Somehow I missed seeing Shutter Island in theaters, where it must have been all the more exciting to experience. Leonardo DiCaprio plays a marshal who journeys, by ferry, to a foreboding island off the New England coast, called Shutter Island. On it is an ominous facility that functions as a lunatic asylum, run by the calm, collected, and creepy Dr. Cawley (played with stiff, serene menace by Ben Kingsley). DiCaprio, along with his partner (Mark Ruffalo), has come to help locate an escaped patient. The people on Shutter Island are totally deranged, so it's a dangerous situation. Director Martin Scorsese is intent on keeping you on edge from start to finish. However, I found myself almost completely relaxed. I enjoyed the plot and how it unraveled, and there were suspenseful moments, but there wasn't the unbearable tension and anticipation you might expect from a movie like this. At least, I didn't feel it.
Perhaps it's because from the word go I was expecting some kind of bizarre, shocking plot twist. We've--audiences--been conditioned to expect such things. I think modern audiences can look back to The Sixth Sense as the moment we were so embarrassingly (or pleasurably?) fooled by a movie. Of course, it's been done dozens of times before, but in recent movie memory that is the movie that stands out for sheer tom-foolery. Hitchcock did it with Psycho. More recently than that, Jonathan Demme did it at the end of The Silence of the Lambs.
Audiences these days seem to fancy themselves uber-sophisticated when it comes to figuring thrillers out before they reveal themselves to us, yet desperately in need of the kind of movie that takes us along for the ride and completely dupes us. Thrillers, in that sense, deliver the most visceral and exciting experience that we get from movies. We love stories because we love watching them unfold, and the suspense makes the work of an audience member akin to the work of a detective, fetching clues and trying to make guesses about the outcomes, the motivations, and the mysteries, of movies. This must offer at least a partial explanation for how well horror movies--even dumb ones--do at the box office.
A thriller is almost a sure thing as far as making money is concerned, especially if you can get Leonardo DiCaprio to star and Martin Scorsese to direct. Scorsese piles on the atmosphere here, and yet the movie has stark, rich colors to it, colors you don't typically find in a dark and eerie suspense yarn. He goes against that film noir dark-alley quality. Even the scenes in usually dimly lit places are disturbingly well-lit. DiCaprio lights a match that might as well be a spotlight. It never seems to burn out, either.
The opening shot looks obviously computer-generated, though, and that's one of the things modern movies struggle to fight. Filmmakers may save a lot of money to construct the scene virtually, but there's often a phoniness to the scene that floats to the surface, and you wonder how the actors can really trick themselves into believing they're on a real boat and a real ocean. But, for all that, the opening shot also retains a noirish quality, thanks mainly to the costumes. DiCaprio and Ruffalo wearing their hats and their trenchcoats look like two separate Dana Andrews in Laura. They're bound and determined to figure out the mystery that confronts them, but then the movie takes on a sort of Key Largo turn: a magnificent storm disarms the asylum's security system and the inmates start wandering about. All of them are homicidal maniacs (or very close), we're told.
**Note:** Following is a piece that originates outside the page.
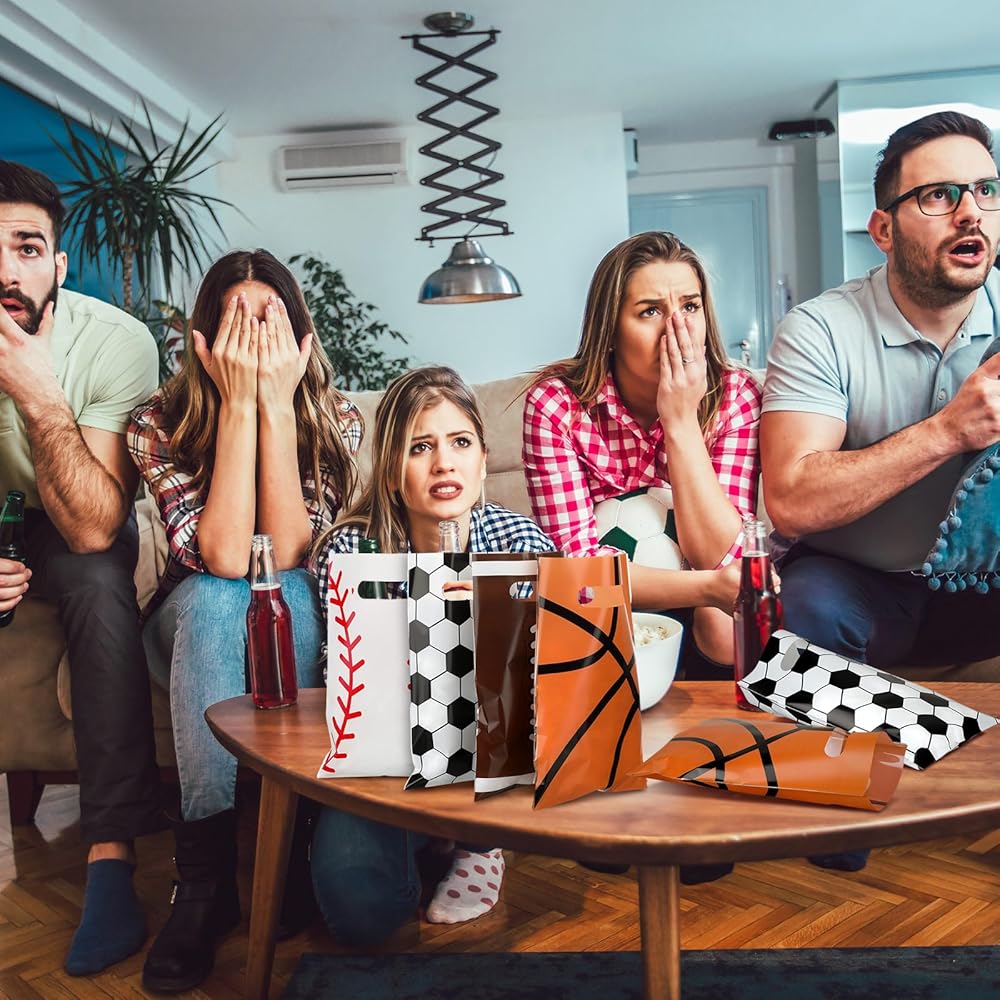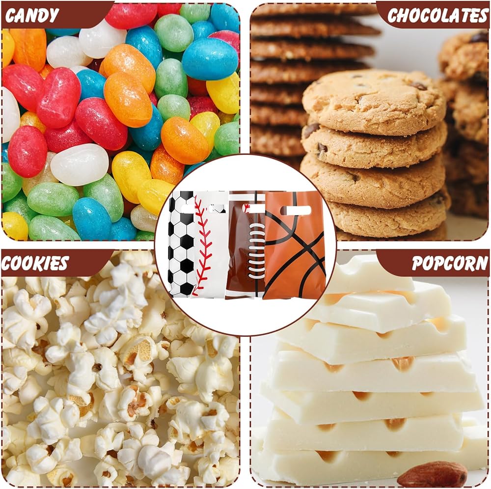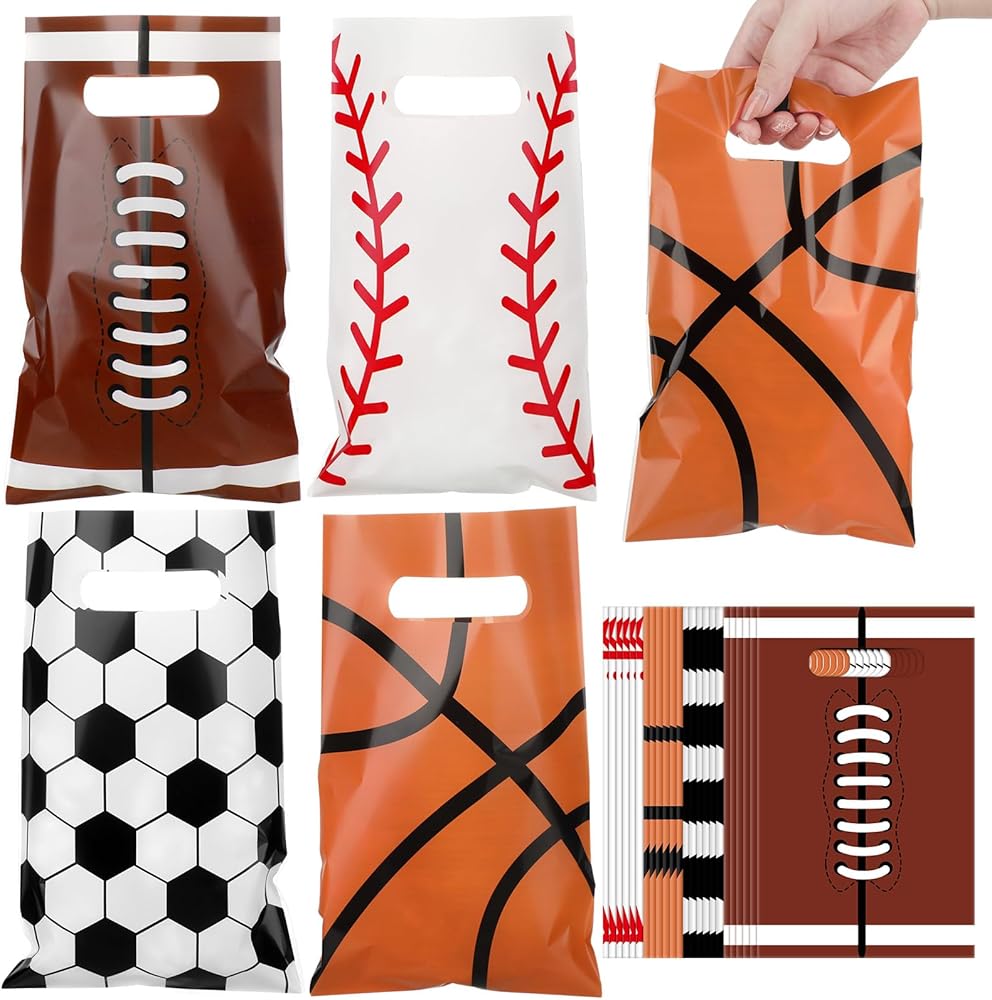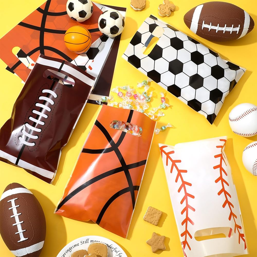 • Game Day Ready with 4 Styles Sports Theme Design: no need for a timeout on fun; Our sports themed treat bags are here to get your victory dance started; Spectacularly designed in 4 sports styles, including basketball, football, soccer, baseball, providing a delightful mix of variety and enthusiasm; So, whether it's match day or just a casual party, keep your rally towels waving high and your spirits higher with our delightfully designed favor bags

If Shutter Island doesn't blow anyone out of the water, at least it's refreshing to see Scorsese making a movie that's just out to entertain you. He's not trying to do something important and Oscar-worthy like that awful mess The Aviator, or even The Departed, which finally got him what many considered a long-overdue Academy Award. The movie is a hallucinatory mess of a good time, nowhere near as bloated as the misfired Christopher Nolan movie Inception. It's just a crackling, old-fashioned thriller. From the novel by Dennis Lehane. The supporting cast is appropriately nightmarish: Max Von Sydow, Michelle Williams, Emily Mortimer, Patricia Clarkson, Jackie Earle Haley, and John Carroll Lynch.